Harry Styles’ fashion journey can only be headed in one direction

A surname like “Styles” is a lot to live up to, but if you’re older than about 25, it’s tempting to see Harry Styles as overcompensating.

With a wardrobe best described by a recent article in Vogue as a combination of “candy floss pink suits, printed satin flares, increasingly stacked heels and a constant supply of rings,” the former One Direction boy band member has assumed a mantle of greatness — not in terms of musicianship necessarily, but as a fashion icon.

Other young male celebrities will dabble with a daring colour or an eccentric accent like rhinestones, but nothing will top Styles’ decision to wear a sheer-sleeved, ruffled shirt and pearl earring to the Met Gala.

That moment, among others, has inspired the likes of GQ to gush that, ‘Rock n’ roll style is more prevalent than ever and almost no one waves that sartorial flag higher than Harry Styles” and others to offer how-to guides to dress like him.

For the most part, I don’t see Harry Styles as being a trendsetter in terms of what the average man will wear. This, despite the fact that increased visibility (and spending power) of the LGTBQ+ community has led some to suggest menswear departments might eventually disappear entirely.

Instead, I see Harry Styles as the continuation of a long line of experiments in androgynous fashion within the music industry, where the theatricality of performance tends to make audiences relax their standards of what “masculine” means.

In the 1970s, for instance, we had David Bowie, whose Ziggy Stardust and Thin White Duke outfits would not look at all out of place on Harry Styles today.

In the 1980s we had Prince, who not only would have worn what Styles wore to the Met Gala, but would likely have commissioned replicas in purple, maroon and other colours.

Consider the stylistic trajectory of both of those superstars, however, and you’ll notice that the gender-bending reached its peak early in their careers. They might never have become jeans and T-shirts guys, but no one was asking them to become the face of Gucci.
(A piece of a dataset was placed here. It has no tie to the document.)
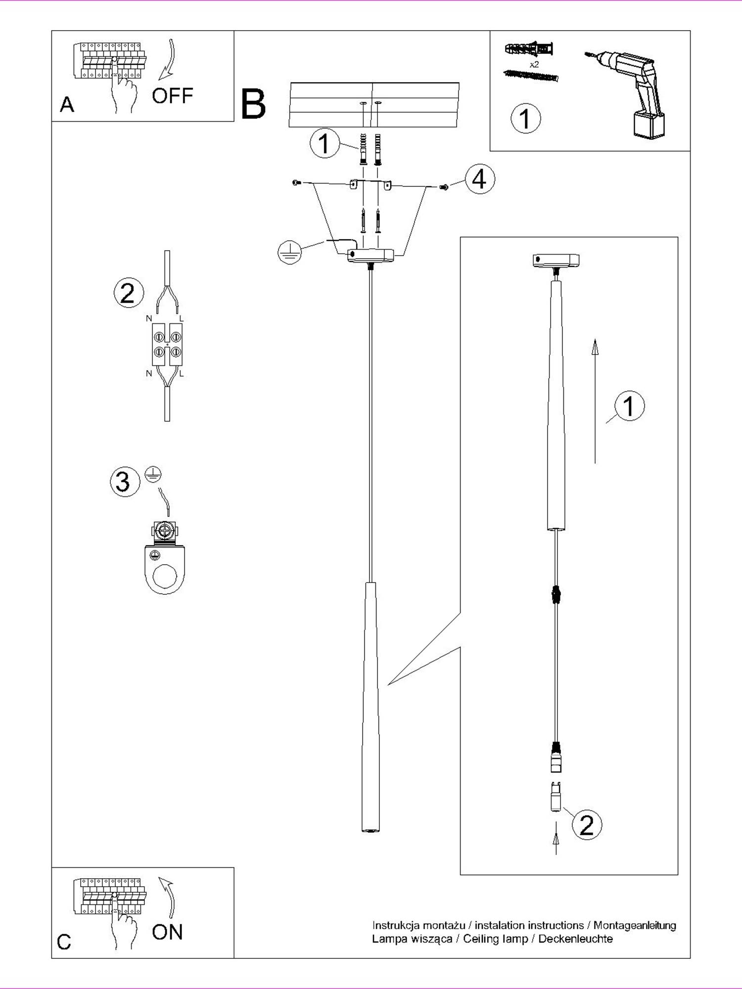 Prosty, cylindryczny klosz o wymiarze 44/3 cm subtelnie kieruje światło w dół, tworząc przytulny nastrój i jednocześnie podkreślając nowoczesną estetykę. To idealne rozwiązanie nad stół w jadalni, wyspę kuchenną czy jako oświetlenie punktowe w salonie.

Getting older has something to do with this. Continue with the ruffles and lace into middle age and you start to risk looking less like an innovator and more like a drag queen.

What David Bowie, Prince and now Harry Styles wear is partly about provocation and attention-getting. That’s what you need to do when you’re establishing yourself.

Their willingness to push the boundaries, however, isn’t something I would dismiss as a young man’s sport. It offers real value.

We see a lot of androgynous menswear on the runways, but it’s not always easy to see how that translates into real life. Harry Styles and his predecessors help normalize the avant-garde.

Unlike what’s seen on a catwalk, the photographs of a male celebrity can continue to appear online and elsewhere in perpetuity, influencing us in ways that aren’t easy to measure.

Men’s suits today are slimmer, better cut and more likely to feature checks and other patterns than were common in business before Harry Styles was born. I’m excited to see what comes after, if only because he’s helped us explore the limits of how far men’s fashion might go.

There are plenty of menswear role models you can show you what constitutes “handsome.” People like Harry Styles can help guys think about what might make them feel beautiful, too.